Methods: The PREV-DEMALS study is a prospective study including 22 C9orf72 patients, 45 presymptomatic C9orf72 mutation carriers and 43 controls. We assessed the expression levels of 2576 miRNAs, among which 589 were above noise level, in plasma samples of all participants using RNA sequencing. The expression levels of the differentially expressed miRNAs between patients, presymptomatic carriers and controls were further used to build logistic regression classifiers.

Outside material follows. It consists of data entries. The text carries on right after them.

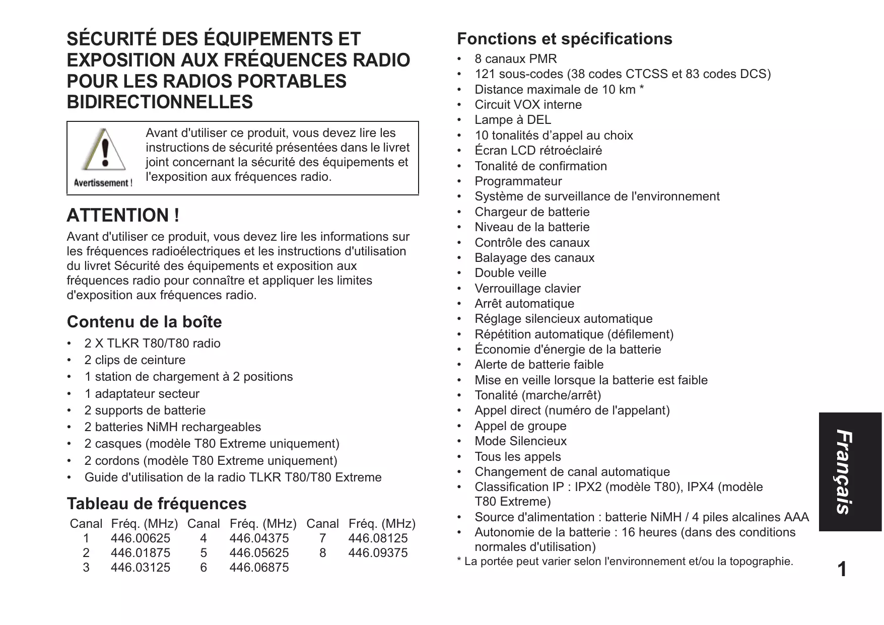 BIDIRECTIONNELLES Avant d'utiliser ce produit, vous devez lire les instructions de sécurité présentées dans le livret joint concernant la sécurité des équipements et l'exposition aux fréquences radio. ATTENTION ! Avant d'utiliser ce produit, vous devez lire les informations sur les fréquences radioélectriques et les instructions d'utilisation du livret Sécurité des équipements et exposition aux fréquences radio pour connaître et appliquer les limites d'exposition aux fréquences radio. Contenu de la boîte 2 X TLKR T80/T80 radio 2 clips de ceinture 1 station de chargement à 2 positions 1 adaptateur secteur 2 supports de batterie 2 batteries NiMH rechargeables 2 casques (modèle T80 Extreme uniquement) 2 cordons (modèle T80 Extreme uniquement) Guide d'utilisation de la radio TLKR T80/T80 Extreme Tableau de fréquences Canal
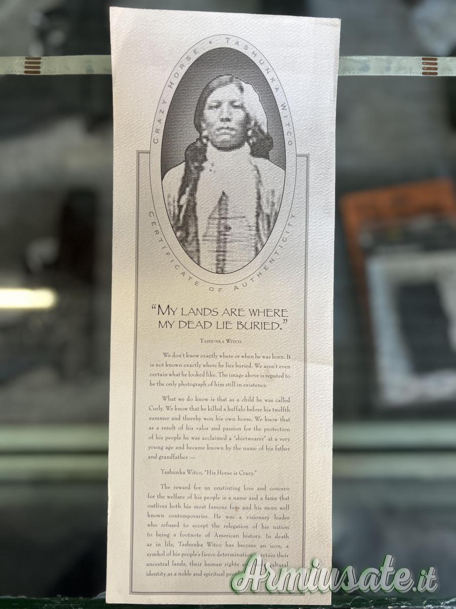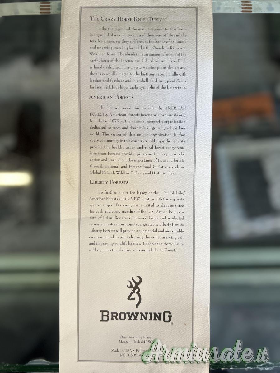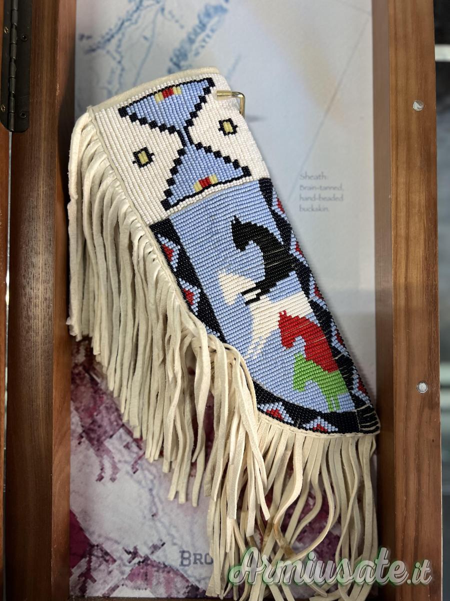 Il coltello è dotato di una lama in ossidiana della Colline Nere (Crazy Hills), incastonata ad un manico d’osso e affrancata con legamenti e tendini di specie animale.
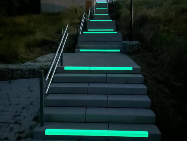 Aujourd’hui, il est possible de capter et stocker la lumière du jour pour la restituer aux heures sombres. C’est ce que fait la société OliKrom avec LuminoKrom®, une peinture luminescente constituée de minéraux qui captent la lumière et émettent la nuit pendant plus de 10 heures. Ce procédé unique et breveté favorise la sécurité des piétons et des véhicules de façon économique, autonome et totalement renouvelable. Il permet également de réduire considérablement le gaspillage énergétique et la pollution lumineuse pour la biodiversité, générés actuellement par l’éclairage artificiel de nos agglomérations.
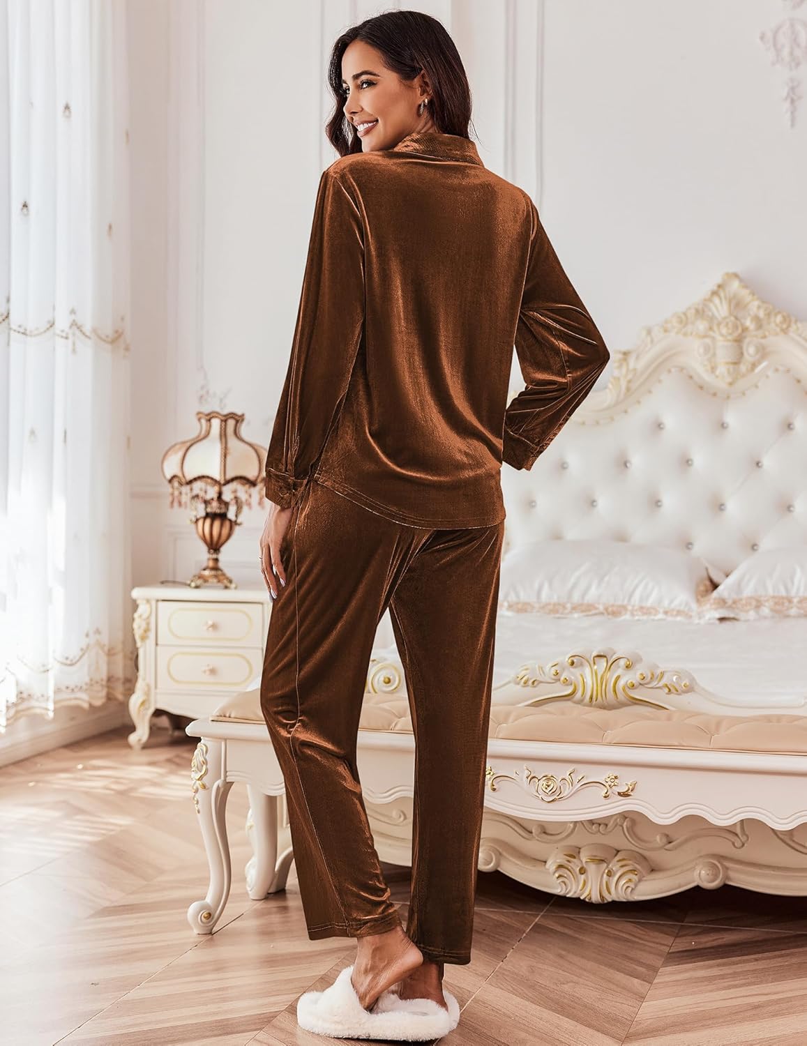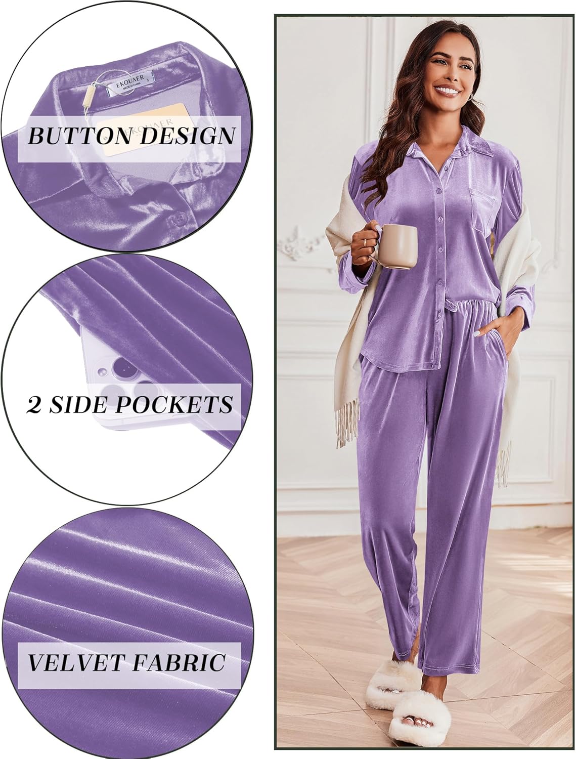 • Features:The women's pajama set includes a long-sleeved button-down top and matching wide-leg pant. The velor Lounge set features soft pajamas with button, elastic waist, handy side pockets, and wide leg pants for a perfect loose fit
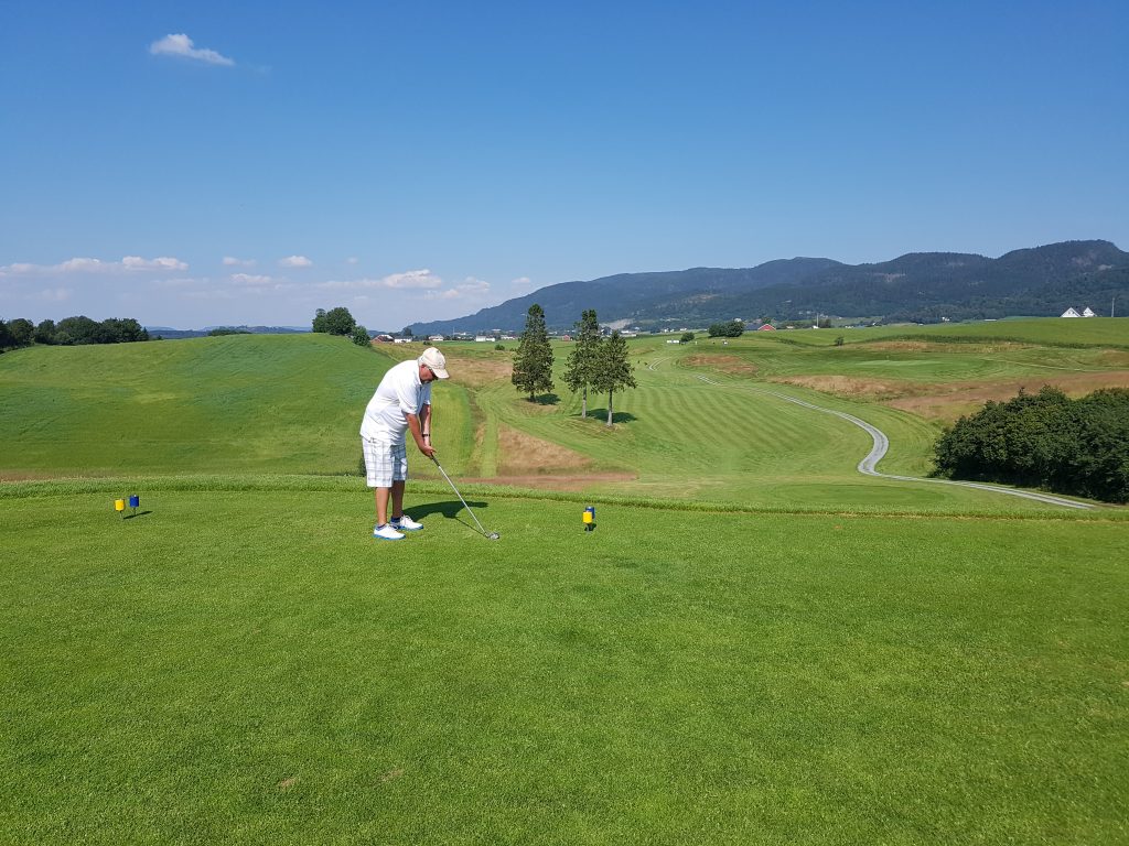Helge Wiig viser fin svingteknikk på hull 5.

Results: Four miRNAs were differentially expressed between patients and controls: miR-34a-5p and miR-345-5p were overexpressed, while miR-200c-3p and miR-10a-3p were underexpressed in patients. MiR-34a-5p was also overexpressed in presymptomatic carriers compared with healthy controls, suggesting that miR-34a-5p expression is deregulated in cases with C9orf72 mutation. Moreover, miR-345-5p was also overexpressed in patients compared with presymptomatic carriers, which supports the correlation of miR-345-5p expression with the progression of C9orf72-associated disease. Together, miR-200c-3p and miR-10a-3p underexpression might be associated with full-blown disease. Four presymptomatic subjects in transitional/prodromal stage, close to the disease conversion, exhibited a stronger similarity with the expression levels of patients.
Conclusions: We identified a signature of four miRNAs differentially expressed in plasma between clinical conditions that have potential to represent progression biomarkers for C9orf72-associated frontotemporal dementia and amyotrophic lateral sclerosis. This study suggests that dysregulation of miRNAs is dynamically altered throughout neurodegenerative diseases progression, and can be detectable even long before clinical onset.